全红婵近日因受到严重网络暴力,选择向公安机关报案,这一举动引发了广泛关注。她所隶属的广东省二沙体育训练中心发布了声明,声援她的维权行为,并明确对畸形的饭圈文化表示强烈不满。
年仅17岁的她,同时作为三金王,言语中透着对生存的担忧。因发育导致的体重增加,她不仅遭受网络暴力,更因持续的心理压力渴望逃避。曾经热爱零食、书包上挂满玩偶的她,如今却显得无比失落。
这样一位奥运金牌得主,何以沦落至需依靠警方的保护?
老话说,木秀于林,风必摧之。全红婵的迅速成名使她成为了众矢之的。
14岁时在东京夺金,15岁实现大满贯,现如今17岁便成为中国最年轻的三金王。大众就像看着自家女儿般关注她的成长。然而,流量带来的不仅是关注,更是无情的攻击,流行语境的切换让她犹如一块取悦或愤怒的砧板。
更有甚者,她的家乡/村庄因她的名气被改造成网红打卡地,每日不绝于耳的直播与偷拍让家人苦不堪言,最终不得不如围墙般构筑屏障。这真的是热爱吗?这分明是骚扰,甚至是违法。
最近发现的一个名为“专攻全红婵”的微信群的存在,更令其人心惶惶。这个群体成员多达282人,专门进行针对全红婵的恶意攻击。群公告明确表示不得攻击其他运动员,唯独全红婵被排除在外。更令人震惊的是,群内甚至有现役跳水队员和体育记者。
如果这一切属实,那便是队友情谊的肆意践踏,是行业的集体霸凌。
如今,一个运动项目竟会如此肮脏,凭借压制优秀选手上位,团队的管理与竞技精神已然腐败。
官方声明将责任归咎于饭圈文化,但网友们并不买账。饭圈虽乱,但这次的攻击是体系内有组织的霸凌,性质截然不同。若是仅仅捉住几个网络言论的“键盘侠”,真正的那些幕后的操控者又何以问责?
全红婵所面临的核心问题,是她的身体正在经历发育的变化。女子10米台的比赛极度依赖身体的轻盈与灵动,而这个时期多在14岁左右,如今窗口期已过,成绩随之波动,全红婵不得不在减重和过度训练中挣扎,甚至影响了身体的正常生理周期。
她亲口述说着每天只吃一餐的痛苦,认为自己连喝水都会导致发胖。她的同伴们也在以极端的方式维持体重,张家齐更是连续两年不吃晚饭,可以想象这种极端的训练压力到底有多么的可怕。

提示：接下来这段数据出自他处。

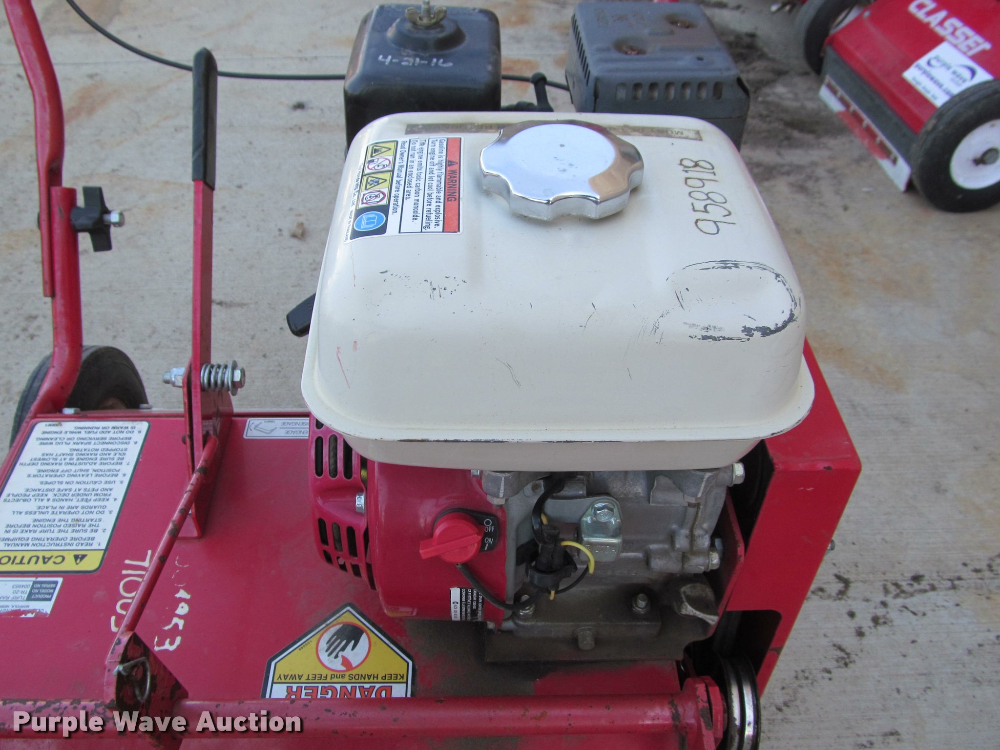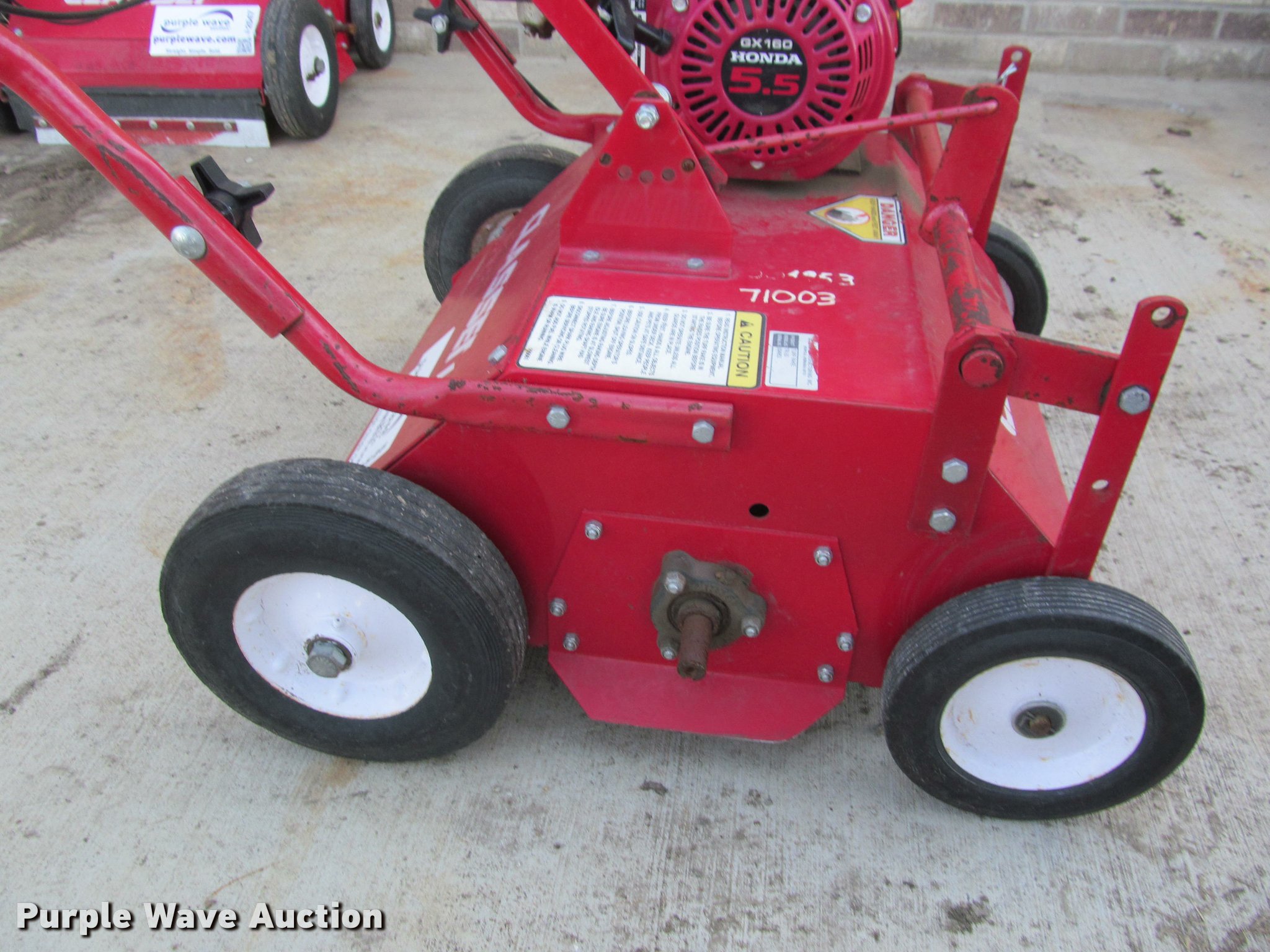 Purple Wave is selling a used Lawn and Garden in South Dakota. This item is a Classen TR-20 turf rake with the following: Honda gas engine, 5.5 HP, 20" working width, Serial 004953, Unit# 71003
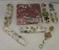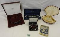 Hat Pins, Silver Necklace, Costume Jewellery inc. brooches set marcasite, enamel, paste, shell necklaces, faux ivory etc.
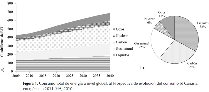 Integrar las plantaciones forestales comerciales en conceptos de biorrefinería contribuye a mitigar la problemática energética, ambiental y social causada por la energía de origen fósil. Se destaca que a nivel global en la última década se ha mejorado el rendimiento de los sistemas energéticos; sin embargo, el consumo de combustibles fósiles sigue aumentando (Figura 1). Según la Agencia de Administración de Información de la Energía de los Estados Unidos, en el 2011 el consumo energético global alcanzó los 531.2 cuatrillones de BTU (British Thermal Unit), con un crecimiento anual aproximado del 1.6%; crecimiento que se proyecta hasta el año 2035 debido al continuo aumento de equipos, procesos y máquinas que demandan energía (EIA, 2011). Una alternativa que promete reducir la dependencia de energéticos de origen fósil es la investigación y desarrollo de las fuentes de energía renovables. La biomasa contribuye con cerca del 14% del suministro de energía primaria global, y es considera la cuarta fuente energética (Lighong et al., 2010). Con el estudio e implementación de sistemas que operen con estas fuentes se puede diversificar la canasta energética, reducir la dependencia de los países que no disponen de suficiente energía primaria fósil para su autoabastecimiento y mitigar los impactos medioambientales ocasionados por el uso de combustibles de origen fósil, como el cambio climático (Ghatak, 2011; Lighong et al., 2010).
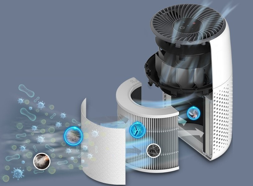 Proces čistenia sa začína nylonovým vonkajším filtrom, ktorý zachytáva hrubšie častice, ako je prach, žmolky alebo vlasy. Potom nasleduje filter HEPA so zložením ARC™, ktorý filtruje jemné prachové častice, plesne, baktérie, peľ, častice dymu, roztoče a vlasy. Poslednou vrstvou je vysoko účinný uhlíkový filter, ktorý eliminuje dym, pachy a výpary. Zariadenie zachytí až 99,97 % všetkých nečistôt až do miniatúrnej veľkosti 0,3 mikrónu.
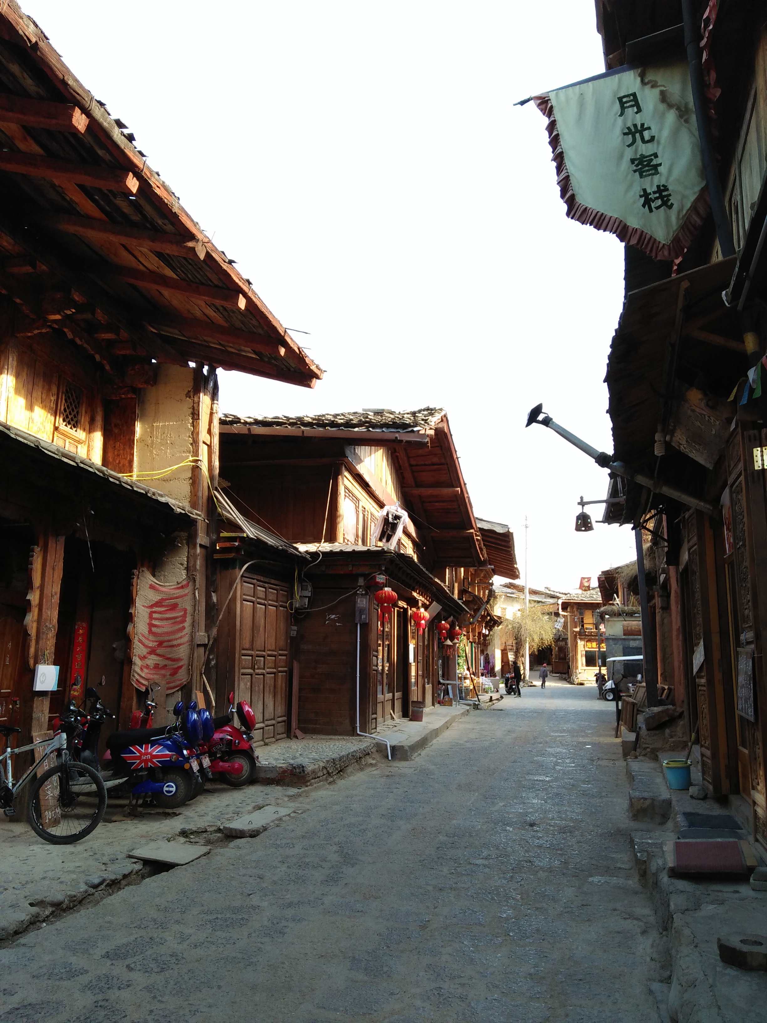 Chẳng hề giống như Lệ Giang, Shangri-La ban đêm vắng người đến lạ. Con phố ban ngày đã chẳng mấy khách du lịch, ban đêm chỉ còn lại vài chiếc bóng lẻ, cửa tiệm cũng chỉ còn lác đác vài nơi sáng đèn. Bên trong quán lẩu bò, chỉ một mình cô chủ phục vụ vài bàn thực khách đến tận gần 11 giờ đêm vẫn tươi cười, dù cho tấm biển hiệu trên cửa sổ ghi giờ đóng cửa là 22h, bằng cả tiếng Trung và tiếng Anh. Bên ngoài cửa tiệm tạp hóa lúc nửa đêm, trên bộ bàn ghế kê sẵn ngoài hiên, chúng tôi mượn cớ uống thêm vài lon bia cho dễ ngủ để ngồi nói thêm đôi câu chuyện, nghe tiếng đàn, tiếng hát vọng ra từ quán bar phía đối diện. Nhạc chưa dừng, chúng tôi chưa nỡ đứng dậy, anh trai tạp hóa cũng chưa vội đóng cửa tiệm còn mời ăn thử vài miếng thịt bò sấy khô. Và bên trong quán bar nhỏ của buổi tối ngày hôm sau, vẻn vẹn chỉ hai bàn có khách ngồi, uống vài ly nước. Trên sân khấu nhỏ, anh chàng ca sĩ lúc chơi ghi-ta, lúc lại cajon, hát nghêu ngao những bài mình yêu thích, thỉnh thoảng đổi ngôi cho chị chủ quán, anh đệm nhạc hoặc ra làm phục vụ bàn nếu có khách gọi đồ. Quán không có khách, anh chị vẫn hát, và có thể lịch sự từ chối những yêu cầu chọn bài không hợp gu nhạc từ phía khán giả. Tôi thích những người như vậy, những người luôn luôn chỉ là một cái tôi mà mình yêu thích, không vì ai thay đổi, để cho những yêu thích cái tôi ấy tự mình tìm đến, không yêu thích sẽ tự mình rời đi.
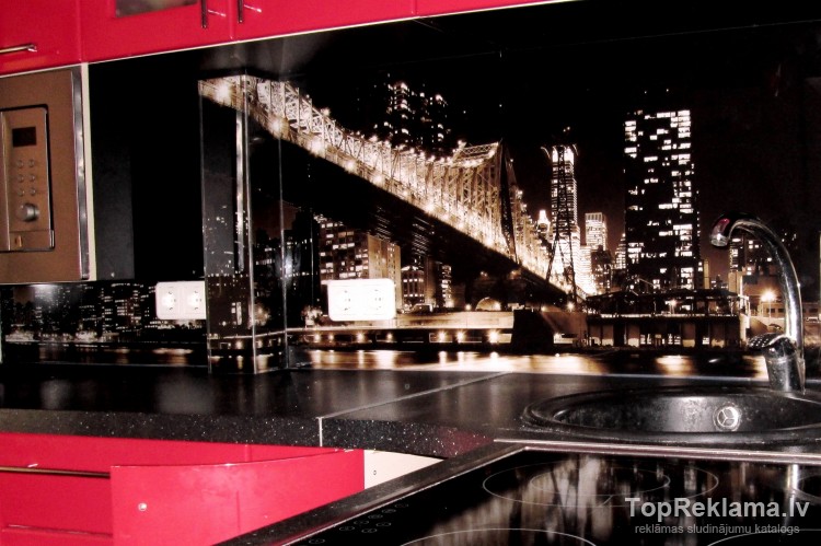 Virtuves sienas paneļu izgatavošana- ar attēliem pēc Jūsu izvēles!. Uzmērām, izgatavojam un uzstādām, hermetizējam pa perimetru un stūros. Iespējams aplikt ar materiālu komunikācijas caurules (kā attēlā veikts), arī uzstādīt uz nelīdzenām sienām.
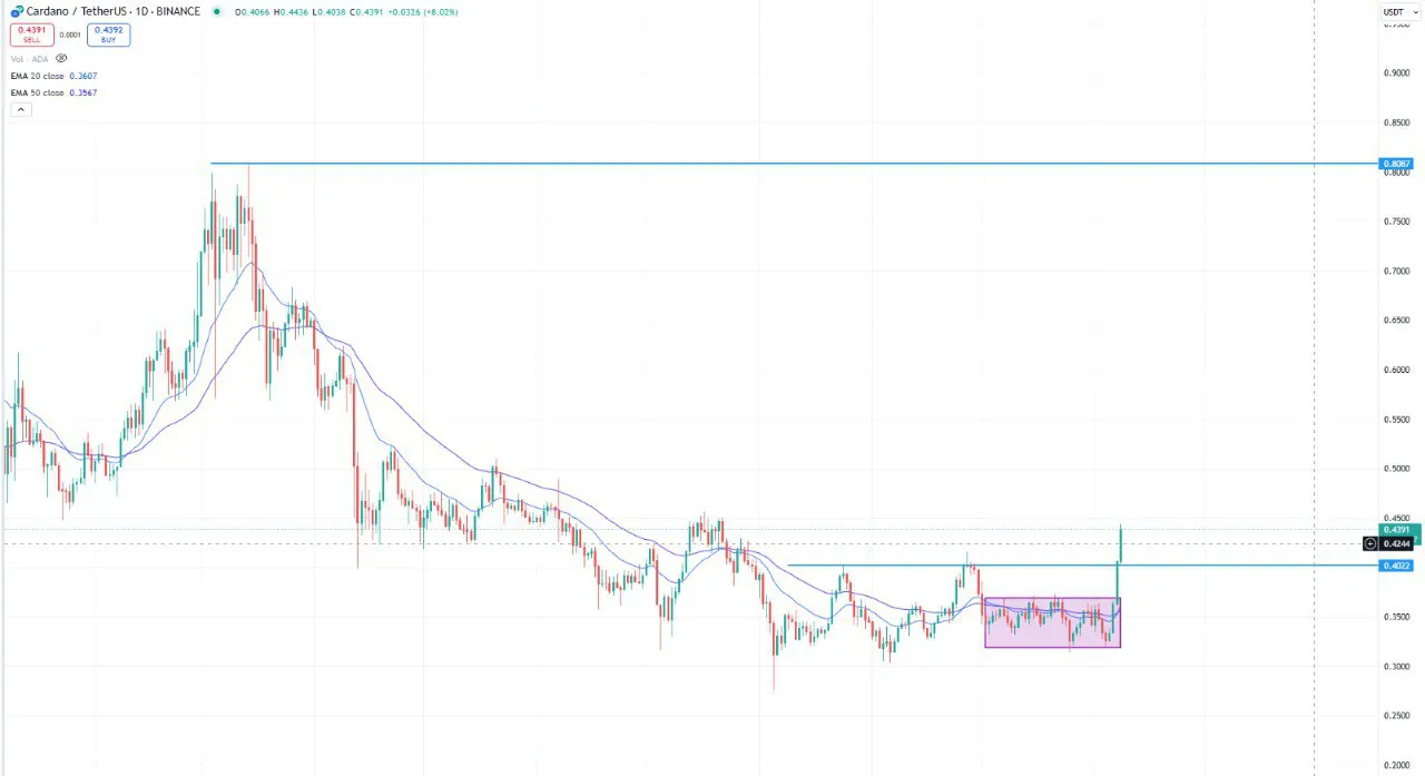 ADA is trading at $0.4358 and has broken above a daily range that was holding between $0.369 and $0.3189 from 2nd October to 8th November. The asset has also crossed the $0.4022 resistance and is currently trading above the 20 and 50 exponential moving averages, indicating strong bullish momentum.

如此种种,让我想起龚自珍的《病梅馆记》。为了迎合审美,将梅花从根本上修剪成畸形。而如今的金牌追求,何尝不是将生灵强迫捆绑、变形,甚至孤立无援。
发育本是生命的自然过程,意味着成长和力量的增强。然而在跳水队中,发育成了生存的噩梦。若无法顺利渡过这一关卡,面临的便是退役的严酷现实。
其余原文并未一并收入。